▶ _Information supplied_
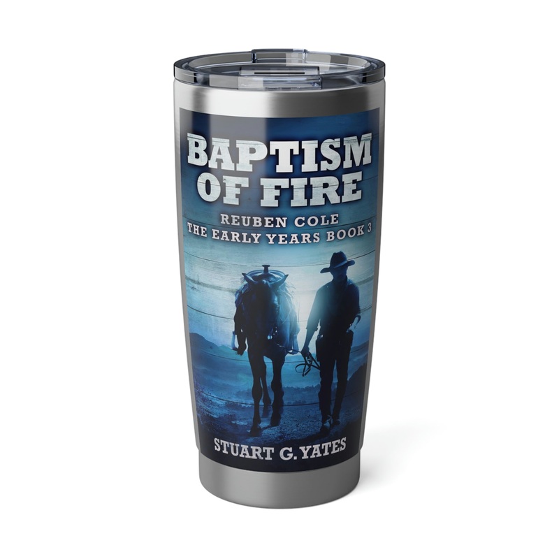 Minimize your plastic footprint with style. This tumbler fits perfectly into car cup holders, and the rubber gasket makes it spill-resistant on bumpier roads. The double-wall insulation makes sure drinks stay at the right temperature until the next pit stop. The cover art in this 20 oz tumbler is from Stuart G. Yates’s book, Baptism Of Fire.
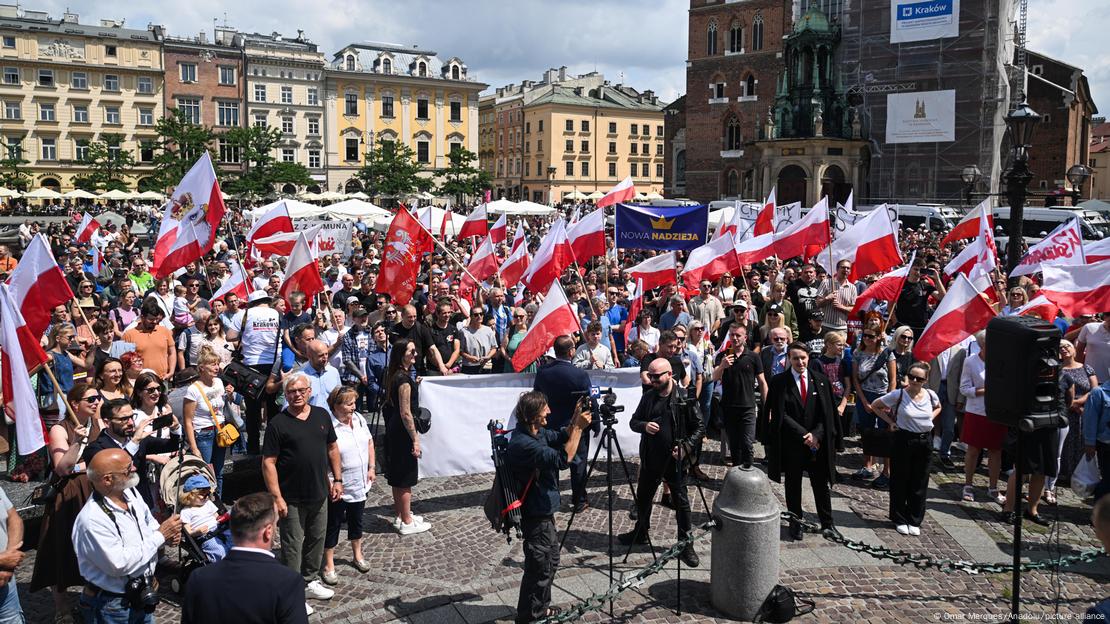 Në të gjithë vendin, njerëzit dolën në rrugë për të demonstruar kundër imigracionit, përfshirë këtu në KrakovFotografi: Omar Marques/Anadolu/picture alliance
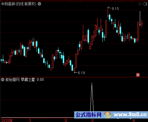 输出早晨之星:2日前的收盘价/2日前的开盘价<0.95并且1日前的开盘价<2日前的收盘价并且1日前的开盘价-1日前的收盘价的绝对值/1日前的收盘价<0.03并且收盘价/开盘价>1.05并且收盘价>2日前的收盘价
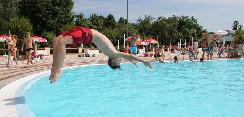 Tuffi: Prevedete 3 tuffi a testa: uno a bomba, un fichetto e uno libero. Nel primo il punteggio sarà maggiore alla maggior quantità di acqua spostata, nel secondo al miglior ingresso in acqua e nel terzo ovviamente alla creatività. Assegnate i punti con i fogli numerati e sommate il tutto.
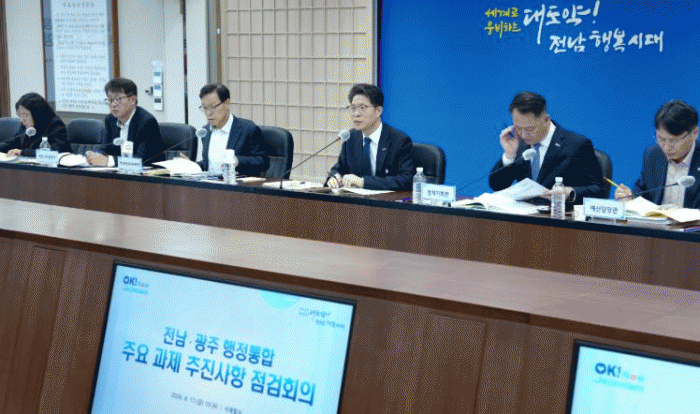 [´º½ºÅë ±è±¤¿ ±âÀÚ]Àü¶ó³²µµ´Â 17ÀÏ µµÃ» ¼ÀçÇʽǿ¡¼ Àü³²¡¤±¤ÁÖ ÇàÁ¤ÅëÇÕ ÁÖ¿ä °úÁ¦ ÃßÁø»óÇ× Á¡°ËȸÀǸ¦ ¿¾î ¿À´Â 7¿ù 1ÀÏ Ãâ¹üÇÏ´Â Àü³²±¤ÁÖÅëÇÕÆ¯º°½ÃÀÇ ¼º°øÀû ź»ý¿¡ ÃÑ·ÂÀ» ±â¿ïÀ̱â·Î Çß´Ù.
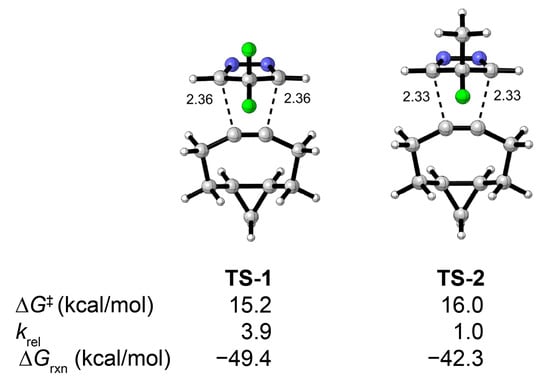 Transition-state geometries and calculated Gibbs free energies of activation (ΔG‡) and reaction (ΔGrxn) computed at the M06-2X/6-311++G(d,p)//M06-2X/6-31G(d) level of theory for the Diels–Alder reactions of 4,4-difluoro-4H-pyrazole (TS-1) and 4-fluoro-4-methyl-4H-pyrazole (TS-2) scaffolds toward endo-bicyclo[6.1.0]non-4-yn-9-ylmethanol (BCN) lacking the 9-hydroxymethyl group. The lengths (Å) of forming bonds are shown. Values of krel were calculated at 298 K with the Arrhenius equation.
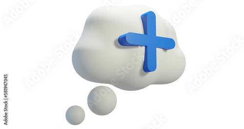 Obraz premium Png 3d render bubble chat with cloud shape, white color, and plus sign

...

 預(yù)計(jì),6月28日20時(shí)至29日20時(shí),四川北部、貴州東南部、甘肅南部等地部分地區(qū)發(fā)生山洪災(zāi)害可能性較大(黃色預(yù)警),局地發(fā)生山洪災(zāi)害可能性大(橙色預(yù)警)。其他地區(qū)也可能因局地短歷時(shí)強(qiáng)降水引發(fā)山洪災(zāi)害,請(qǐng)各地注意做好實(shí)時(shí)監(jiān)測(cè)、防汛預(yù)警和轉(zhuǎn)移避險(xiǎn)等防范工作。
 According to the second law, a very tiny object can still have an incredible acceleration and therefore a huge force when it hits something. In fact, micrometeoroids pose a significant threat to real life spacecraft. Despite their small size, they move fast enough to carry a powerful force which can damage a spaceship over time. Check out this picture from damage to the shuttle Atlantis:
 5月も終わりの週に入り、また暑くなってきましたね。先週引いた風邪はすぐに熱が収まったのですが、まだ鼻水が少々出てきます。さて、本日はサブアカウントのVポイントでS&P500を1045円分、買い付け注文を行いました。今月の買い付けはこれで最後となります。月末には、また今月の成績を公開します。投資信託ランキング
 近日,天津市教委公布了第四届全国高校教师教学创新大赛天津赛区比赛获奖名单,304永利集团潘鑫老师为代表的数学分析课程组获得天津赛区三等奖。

▶ _What to do_
Find where the line with "Minimize your plastic" sits in the material above and where the line with "Në të gjithë" sits. Set down exactly the lines from the first to the second, both included and nothing else, without pictures.

▶ _Exercise solution_
 Minimize your plastic footprint with style. This tumbler fits perfectly into car cup holders, and the rubber gasket makes it spill-resistant on bumpier roads. The double-wall insulation makes sure drinks stay at the right temperature until the next pit stop. The cover art in this 20 oz tumbler is from Stuart G. Yates’s book, Baptism Of Fire.
 Në të gjithë vendin, njerëzit dolën në rrugë për të demonstruar kundër imigracionit, përfshirë këtu në KrakovFotografi: Omar Marques/Anadolu/picture alliance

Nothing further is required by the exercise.